The vital role of fertilizers in feeding the world is very poorly understood. Without artificial fertilizers, most of the world would be under nourished or worse. Ammonia is very important to this process, and natural gas is basic to its production. Its importance in the world’s get-along may well be the most overlooked topic in the mitigation of global warming.


Food production in the USA uses 1% of all of the country’s energy, but the total amount of energy to not only produce foods (crops, meat, seafood, etc.), but bring them to our plates ready to eat is in the range of 16-20%. This is what Vaclav Smil means by How the World Really Works! Stated a different way, reduction of carbon emissions is not as simple as closing coal-fired power plants or dictating what year the replacement of internal combustion vehicles must be completed. It affects not only our comforts, but our very lives. It is very complicated – and important.
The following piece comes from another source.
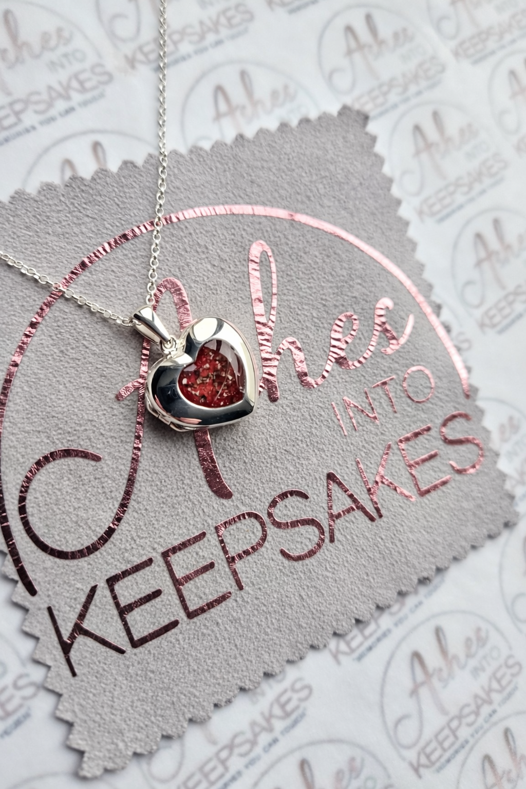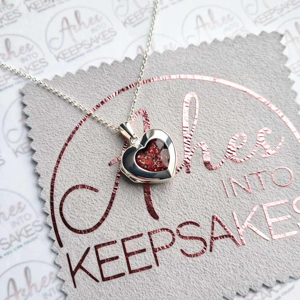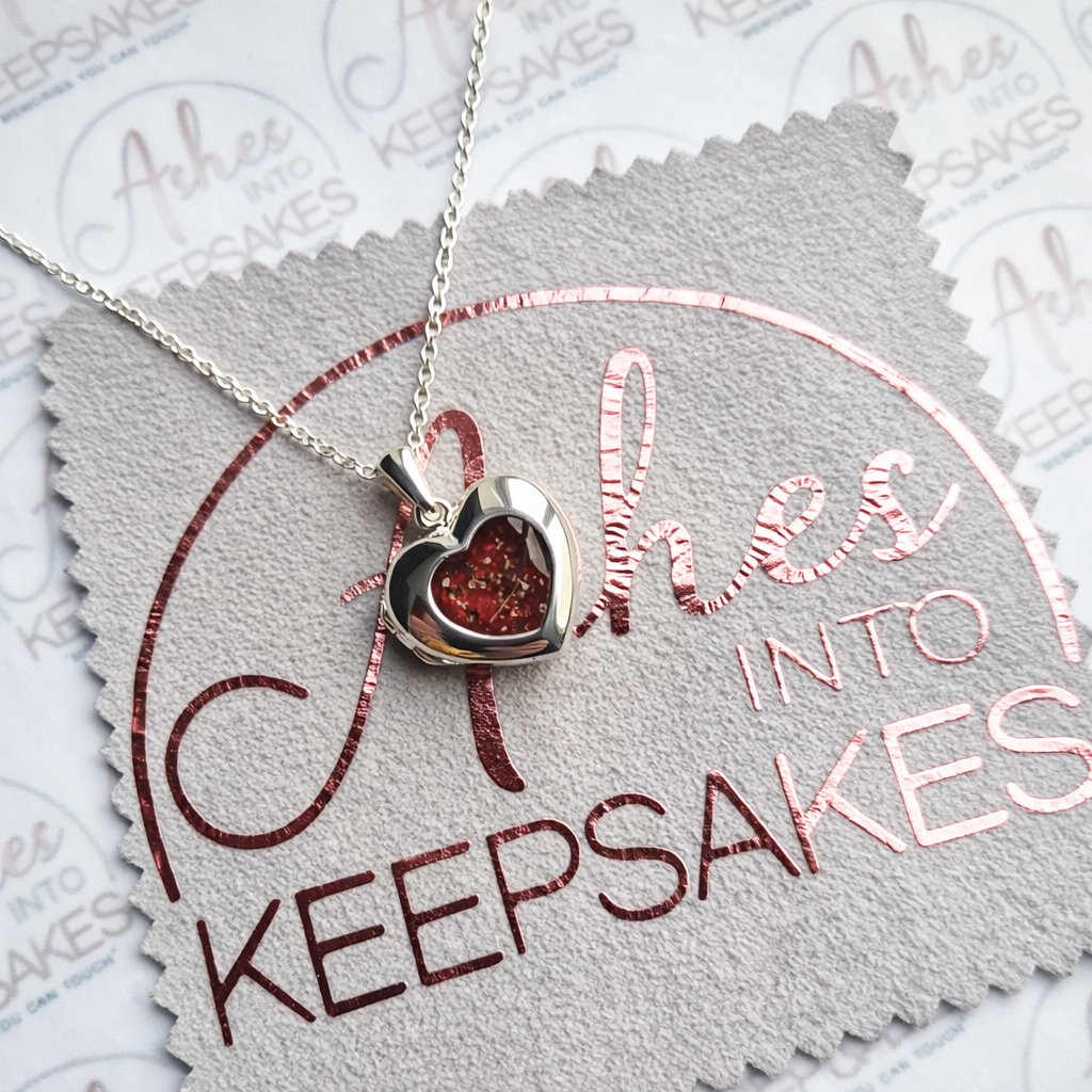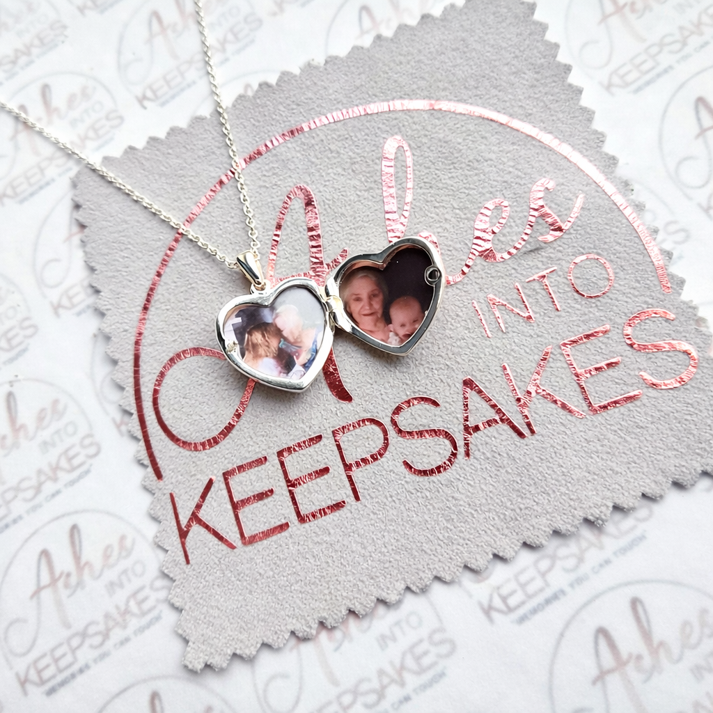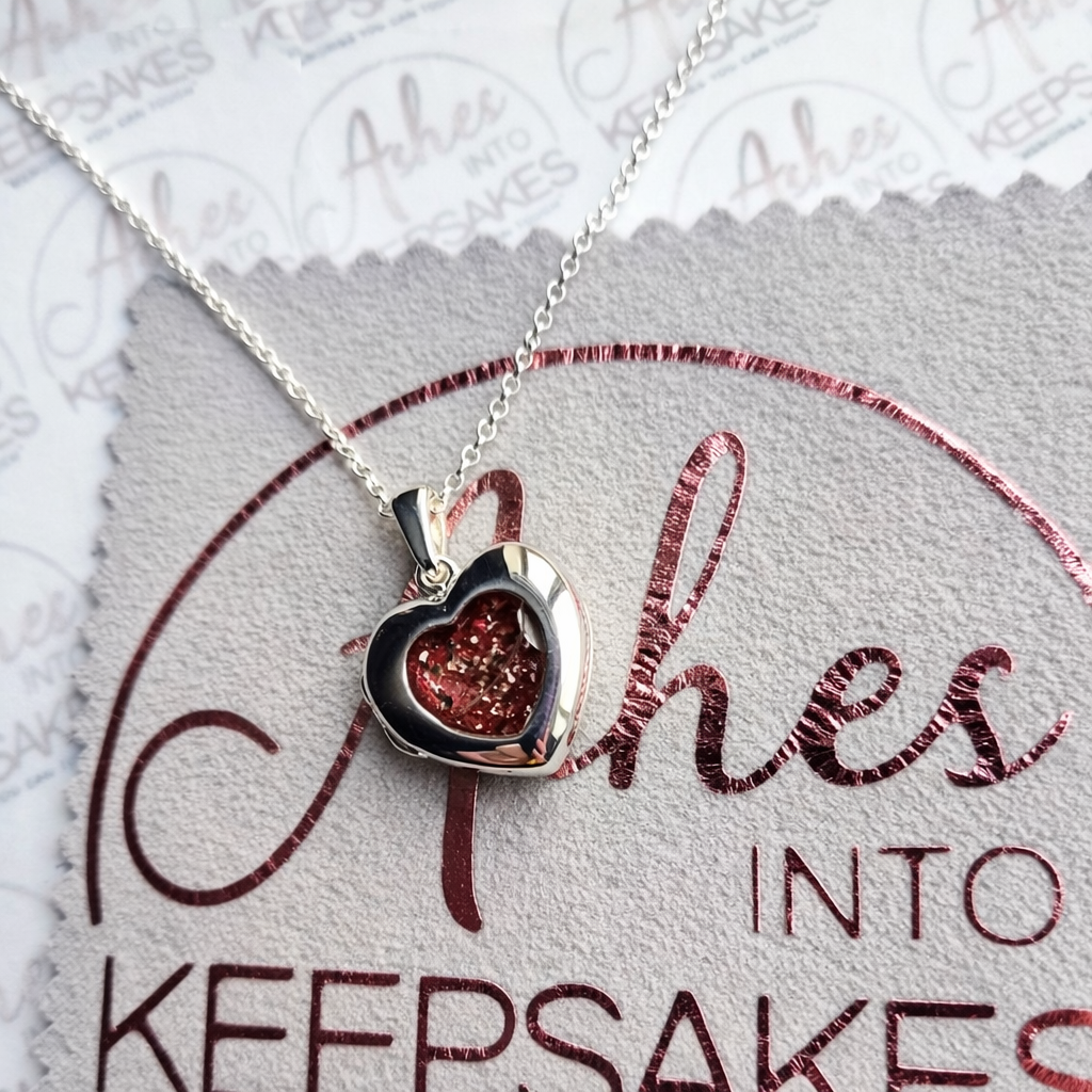 Cindy Heart Locket, can include memorial ashes inside a heart stone these beautiful lockets can include two individual pictures inside, you can send us the images via email if you would like us to print and put these inside for you. Comes in a choice of colours and can include your loved ones ashes, hair or pets fur. Add a touch of extra sparkle with the option of real diamond dust added to your jewellery, this is placed in between the layers of the stone and adds a subtle sparkle. Each pendant is hand crafted to order and we estimate all orders to take around 3-6 weeks from receiving your inclusion. All items come with authenticity certificate with your loved ones name on. Once you have placed and order with Ashes into keepsakes we will send out a pack for you to send your ashes, hair or pets fur back to us, any unused will be returned to you with your order. The completed product will be expertly buffed to create a mirror shine finish, and due to the range of colours we have to choose from no two resin gems are ever the same. Ashes into keepsakes is committed to each one of our customers to provide the best service and care. Your loved ones ashes, hair or even pets fur will be handled with the utmost respect and care, and any unused will be sealed and returned to you with your order. Your orders will be sent to you with a special authenticity certificate with your loved ones name on and the creation date, then hand signed by our designer. To take care of your resin inlaid product, do not expose it to extreme temperatures, if this happens at any point we advise to just leave it sit at room temperature for a small amount of time. We advise to remove when showering, swimming or handling cleaning products. Make sure to not store in direct sunlight. The pendants shine can be restored using a silver polishing cloth, any damage after you have received your jewellery we accept no liability for this, please read on how to care for your jewellery ensuring it lasts a lifetime. We offer a no refunds policy, this is because once your order is placed any jewellery will begin being produced ready for when your inclusion arrives to us. Speedy service is available at the checkout this guarantees your order for a specific date, this needs to be agreed before adding to cart please email us.

Smil has done the hard work of reducing the total energy to get certain foodstuffs all the way to our dinner plates. He has converted the total energy required to equivalent cups of diesel fuel per kilogram (2.2 lb.) of ready-to-eat food.


Bread Approx. 1.0 cups of fuel per kilogram of bread

Chicken Approx. 1.4 cups of fuel per kilogram of chicken

Seafood Approx. 2.9 cups of fuel per kilogram of seafood


So, what is the punch line of this brief message? It is really quite simple.


The complexity and importance of just segments of the climate change/global warming issue has to be obvious to all of us. It is not practical to expect members of Congress to master even a tiny fraction of it, especially given that they have many other critical matters on their plates (no pun intended.) We must develop a way to get experts steeped in the various greenhouse mitigation skills who have the requisite time and expertise to craft written plans for our CO2 mitigation and then governments can pass those plans into law.